Hello there, gorgeous people!
If you clicked on this post then you’re probably either a) a
writer or b) one of my friends. Either way, I’m glad you clicked on it. Today,
in part two of my Writing Resources series/project/thing, I’ll be talking about
the nitty gritty of Type One Diabetes.
Firstly, if you have no idea what this is or who I am, click
here to read the introduction post I did. Secondly, check out the first part
where I talked about things non-Diabetics shouldn’t say to Diabetics. Now,
let’s get started.
I’m talking mainly about the more medical side today. I’m
going to try and keep everything in the most basic of terms, but if there’s
anything you don’t understand please feel free to leave me a comment or e-mail
me.
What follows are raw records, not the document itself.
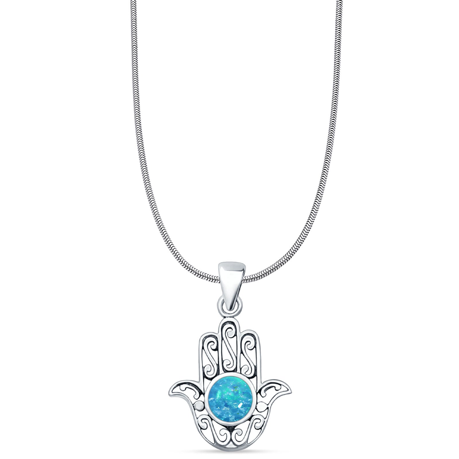 Lab Created Blue Opal Hand Of Hamsa Pendant Snake Chain Necklace Oxidized 925 Sterling Silver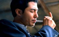 韓国映画ファンにチョ・インソンの名が広く知られたのは、やはり『ラブストーリー』(03)と『卑劣な街』(06)の2作だろう。前者では、あくまで主演のソン・イェジンのサポートロールに徹した(それも彼の大事な個性なのだが、詳しくは後述)のに対し、後者の『卑劣な街』はまさしく「堂々の主演作」。それまでのさわやかなハンサム青年や、ロマンスドラマの主人公といったイメージを覆し、暴力と欲望まみれの世界に生きる暴力団の若きナンバー2を熱演した。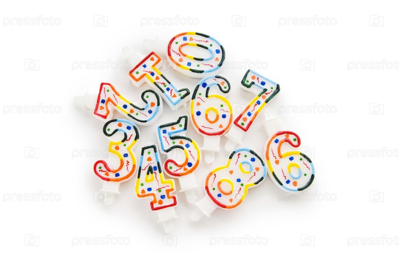 Свечи-цифры для именинного торта, изолированные на белом фоне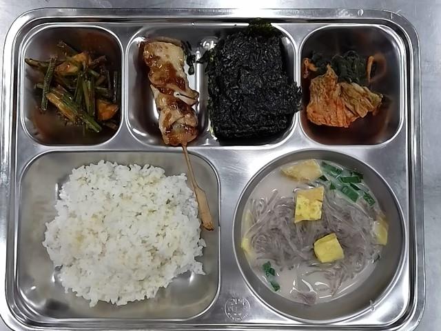 석식: 기장밥, 설렁탕/당면사리, 오이부추무침, 구운김, 배추김치, 양념닭꼬치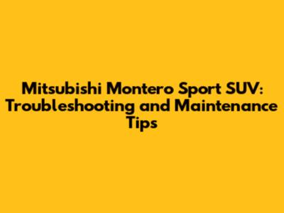 Montero Sport SUV: Troubleshooting And Maintenance Tips

Also, I mentioned this in the first post, but this is just my
experiences—every one has different symptoms and effects and opinions and
preferences so please just remember that.
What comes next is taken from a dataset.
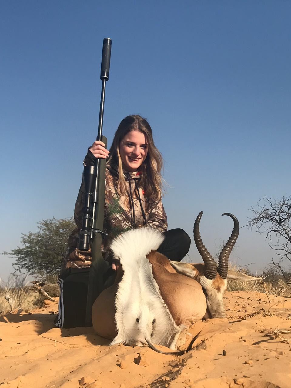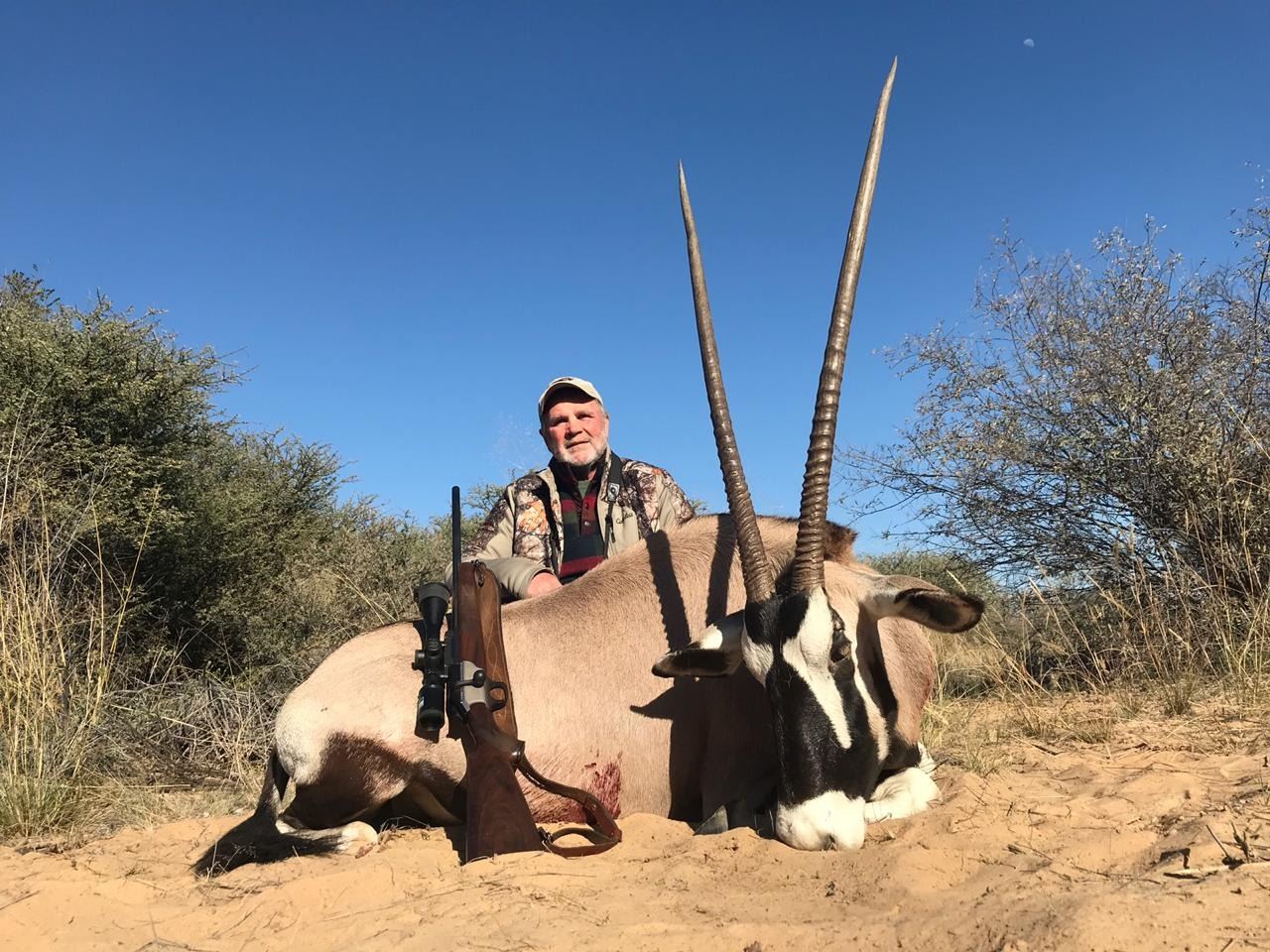 8 Day South African Kalahari Plains Game Hunt for two hunters. Hunt the Kalahari region on this, 1x1 guided, safari for two hunters, that includes trophy fees for Gemsbuck, Blue Wildebeest, Blesbuck & Springbuck for each hunter, donated by Frikkie Du Toit Safaris. Method of take is hunters' choice except muzzle loaders. Schedule hunt with outfitter for open dates in 2019/2020. Included are luxury lodge accommodations, meals, guide service and field prep. Additional hunters cost $350/day; observers $200/day. Not included are any before/after hunt expenses, dipping, packaging/shipping of trophies and gratuities. Arrival/departure point is Johannesburg OR Tambo Int airport.

The first and most important thing…Insulin. This stuff saves
lives, literally—it’s the only reason I’m still alive. For those of you who
might not know, insulin is created in your pancreas and is pumped through your
body to keep your blood sugar at a reasonable level. Those of us who are
diagnosed with Diabetes have a pancreas that decided to stop producing insulin
for no reason, because of that we need to inject insulin.
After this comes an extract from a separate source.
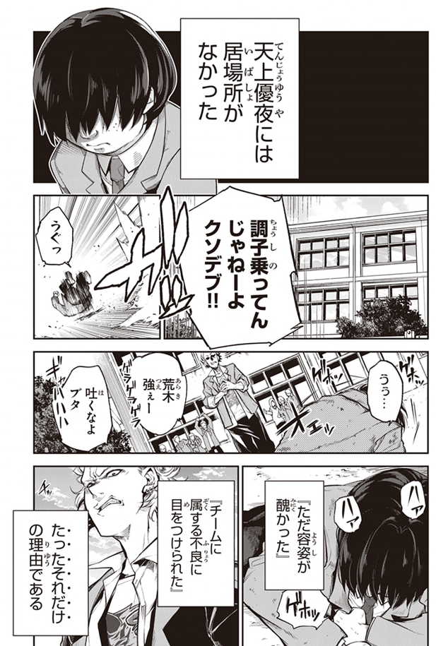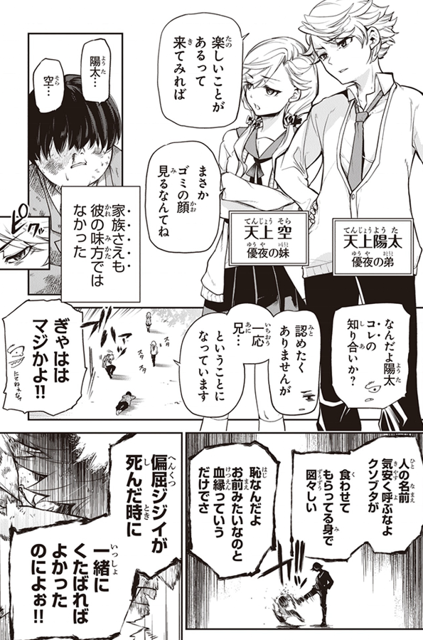 主人公の天上優夜(てんじょう・ゆうや)は、見た目を理由に学校でも家でも心ない扱いを受け続けてきた少年。読んでいて胸が痛くなるほど孤独で、誰にも頼れない状況から物語が始まります。

There are a few different ways we can do this. There’s the
typical syringe method, though I’ve never met a Diabetic who has willingly done
this as it means measuring up your own doses. Secondly, there’s this invention
called an ‘Insulin pump’—it’s basically this little machine that is attached to
your body (usually stomach or legs) that administers insulin. I use the third
method, insulin pens. This is basically a ‘pen’ that has (usually) about 3mL of
insulin in it. You attach a little needle to one end, turn a dial on the other
(depending on the amount o what to inject) and there you go. Each person has
their own preference, I’ve only ever used the pens but I like them and they
suit me, and my lifestyle.
Secondly, we have blood glucose metres/blood sugar
metres/monitors/many other things. These are the ‘finger pricks’ that many non-Diabetics
have told me that they are terrified of. They aren’t the worse things in
existence, really. So these are little (or big) machines that tell us the
amount of glucose in our bodies, which then tells us how much insulin we’ll
need. Basically, we put these little strips into the machine, prick our fingers
and squeeze out enough blood until the machine makes (usually) a (very loud)
noise.
Here’s a fun fact. Despite the fact I’ve tried this many
times, you can’t just guess what your bloods (little slang term) will be. Attempting to do this is something that will make your care team very angry with you. Doing
these tests suck because sometimes you end up doing them up to six or eight
times a day. I have these little red dots on the sides of my fingers from
testing so much and I’ve seen other people whose fingers have gotten infected.
No, these tests don’t actually hurt that much but it is a daily reminder that
you are different to your friend, which sometimes, sucks more than the disease
itself.
I’m going to do yet another post just on blood sugar
levels—what’s a good level, what’s not, how certain levels make you feel and
all that. I feel like this one is getting a bit longer and I don’t want to
bombard you all with too much.
I hope this post helped you somehow. Let me know if there’s
another topic you’d like me to discuss or find other resources about. Thank you
all for stopping by!
*Bonus content: Googling 'blood sugars' all turns out to be a fun time.